Clima, gli Usa puntano i piedi

A Cancun, in Messico, i Governi discutono di cambiamenti climatici, pressati dall'opinione pubblica che chiede di ridurre l'inquinamento. Ecco un originale diario del vertice.

10/12/2010
Sergio Marelli, segretario generale della Focsiv, la Federazione italiana che coordina gli organismi cristiani di servizio internazionale volontario.
Sergio Marelli, segretario generale della Focsiv, la Federazione italiana che coordina gli organismi cristiani di servizio internazionale volontario.

Cancun (Messico), dicembre 2010.

A ventiquattro ore dalla chiusura della Conferenza, a Cancun il problema restano gli Stati Uniti d’America. Un’affermazione che, ne sono certo, ha il beneficio di chi mi conosce e sa che non ho mai tenuto posizioni preconcette antiamericane. Purtroppo, l’intransigenza del capo mediatore che si muove a nome degli Usa, Tom Stern, confermatasi nelle ultime ore, stende ombre inquietanti circa la possibilità di trovare una via di uscita concordata.

    I punti nevralgici per Washington, tra i molti ancora in sospeso nella bozza di documento finale che tutti attendono nella sua versione aggiornata, sono le misure di mitigazione, il trasferimento di tecnologia e i fondi per l’adattamento dei Paesi in via di sviluppo. La tattica americana sembrerebbe, in sintesi, quella di uscire da Cancun con un accordo che non preveda vincoli, nè tanto meno obiettivi misurabili come quelli previsti dal Protocollo di Kyoto, e così prolungare di un altro anno i negoziati. Sino alla prossima Conferenza – la COP 17 – prevista per la fine del 2011 a Durban.

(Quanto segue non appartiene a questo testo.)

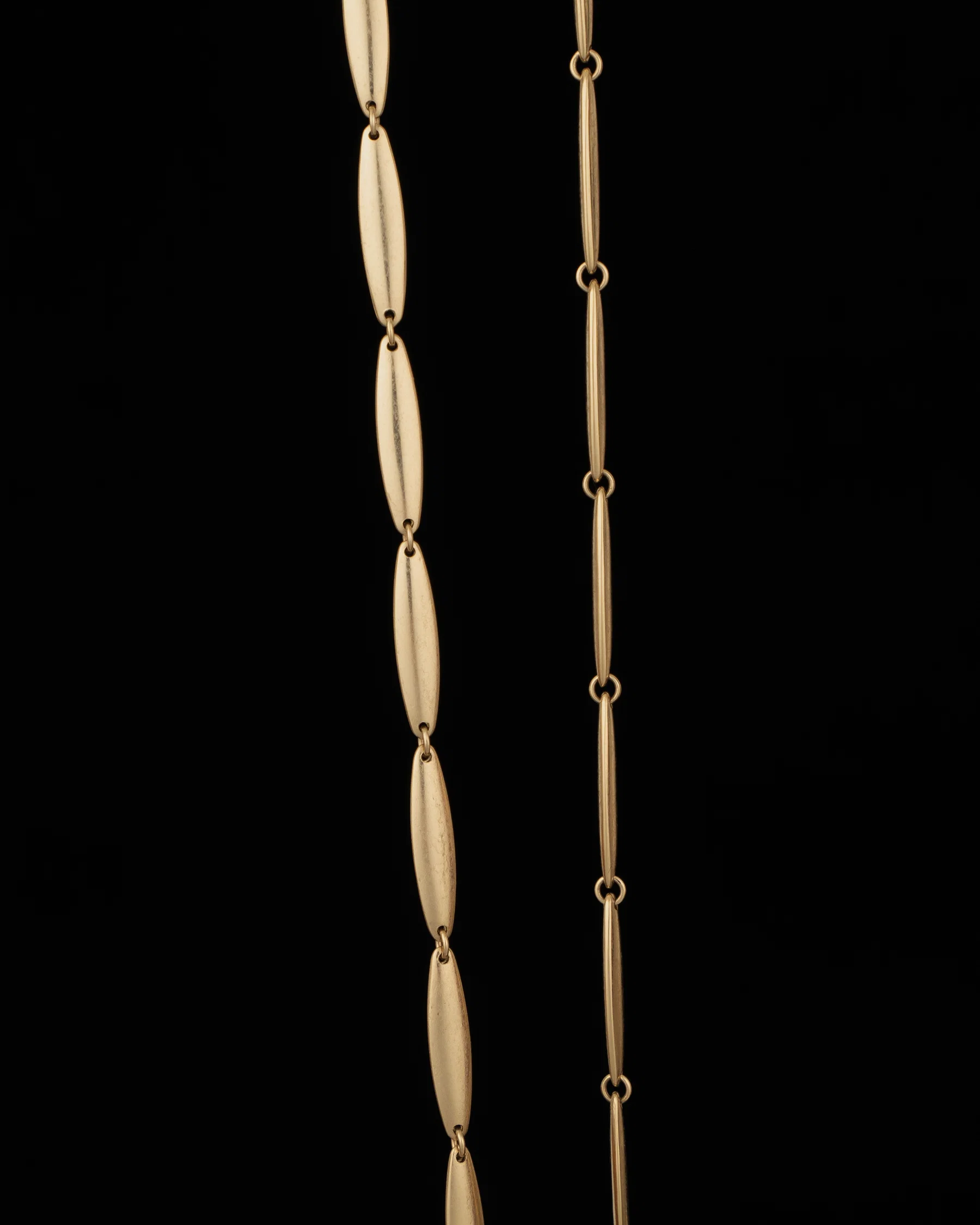 an Italian studio crafted solid 14k yellow gold segmented grain necklace - soft tapered links looped up and fully soldered, finished with a secure lobster clasp closure.Ā
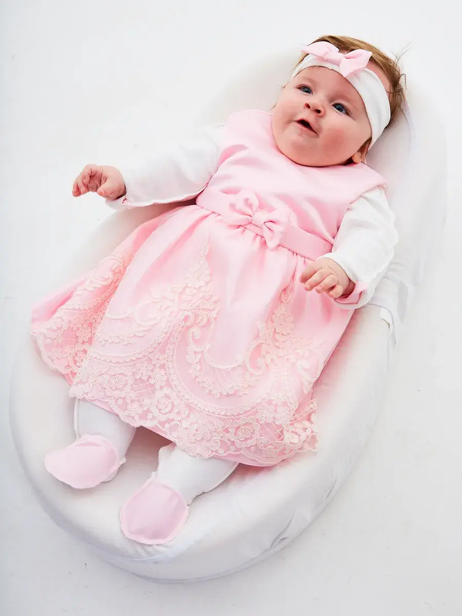 Платье для новорожденных девочек. Платье на выписку из роддома и торжество: идеальный выбор для самых маленьких принцесс. Ищете идеальный наряд для вашей малышки? Тогда обратите внимание на наше платье нарядное для девочки. Оно включает в себя всё необходимое для создания неповторимого образа: Нарядное платье сарафан для новорождённых девочек. Застёгивается сзади на молнию, идеально подходит для выписки, крестин и других праздничных мероприятий. Слип для новорожденных швы наружу из нежного интерлока. Выполнен на кнопках, легко надевается и снимается. Комбинезон для новорожденных деально подойдёт для повседневного использования или как нижний слой под платье. Трикотажная повязка на голову с нарядным бантом. Дополнит образ и сделает его ещё более праздничным. Почему стоит выбрать именно наш комплект? Удобство и практичность. Платье для девочки легко надевать и снимать, а слип для новорожденных можно носить отдельно. Высокое качество. Все изделия выполнены из материалов, безопасных для нежной кожи малыша. Стильный дизайн. Яркие цвета и нарядные элементы сделают образ вашей малышки неповторимым. Универсальность. Подойдёт для выписки из роддома, торжественных мероприятий или фотосессий. Отзывы наших клиентов — лучшая награда для нас! Мы будем очень благодарны, если вы оставите свой отзыв после покупки. Ваше мнение поможет нам стать ещё лучше. Благодарим вас за выбор нашего комплекта и доверие!

      Rallentare la discussione della proposta “sul tavolo” per la istituzione di un meccanismo per il trasferimento delle tecnologie, non accettare la costituzione di un Comitato per la gestione dei fondi necessari per l’adattamento dei Paesi in via di sviluppo  e continuare a non riconoscersi nel Protocollo di Kyoto – che ricordiamo non essere ancora ratificato dall’amministrazione Usa – sono le posizioni che fanno percepire la non volontà statunitense di sbloccare un negoziato già di per sè difficile se non a costo di inaccettabili mediazioni al ribasso.

          Cina e India, gli altri due grandi “inquinatori”,  nei giorni scorsi avevano avanzato una proposta di mediazione concordando sulla necessità di proseguire nelle trattative per definire nella sostanza le misure da intraprendere per tutto il 2011 e sino a Durban, ma nel frattempo garantendo la prosecuzione del Protocollo di Kyoto (che a Copenaghen la Cina aveva sostanzialmente ripudiato).  Gli esiti delle elezioni di medio termine negli Usa con la perdita della maggioranza al Senato da parte dei democratici, fatto che ha comportato la scomparsa dalla discussione proprio di una legge in materia di clima e ambiente, iniziano a far sentire tutto il loro peso sull'amministrazione Obama che a Copenaghen aveva promesso passi in avanti concreti nella lotta ai cambiamenti climatici.

     Seppur con una dichiarazione subdolamente populista – Obama aveva annunciato l’impegno a ridurre del 20% le emissioni di CO2, ma tralasciando il piccolo particolare che ciò dovesse avvenire rispetto ai livelli del 1990 come previsto a Kyoto – lo scorso anno l’avvento della nuova leadership statunitense aveva ridato speranza a tutti. Speranza che ha ancora 24 ore di tempo per essere confermata. Altrimenti anche Cancun sarà un fallimento, e questa volta per colpa di Washington, e sarò stato ancora una volta preveggente quando al termine della COP 15 a Copenaghen avevo sostenuto, attirandomi non pochi strali da parte di chi è da sempre schierato su posizioni più radicali e intransigenti, l’intoccabilità del Protocollo di Kyoto. Ben sapendo della sua imperfezione ed insufficienza a fronte degli enormi problemi connessi con il clima, ma anche consapevole di come esso sia il bastione di difesa contro l’irresponsabilità delle logiche del profitto così diffuse al giorno d’oggi tra chi governa il pianeta.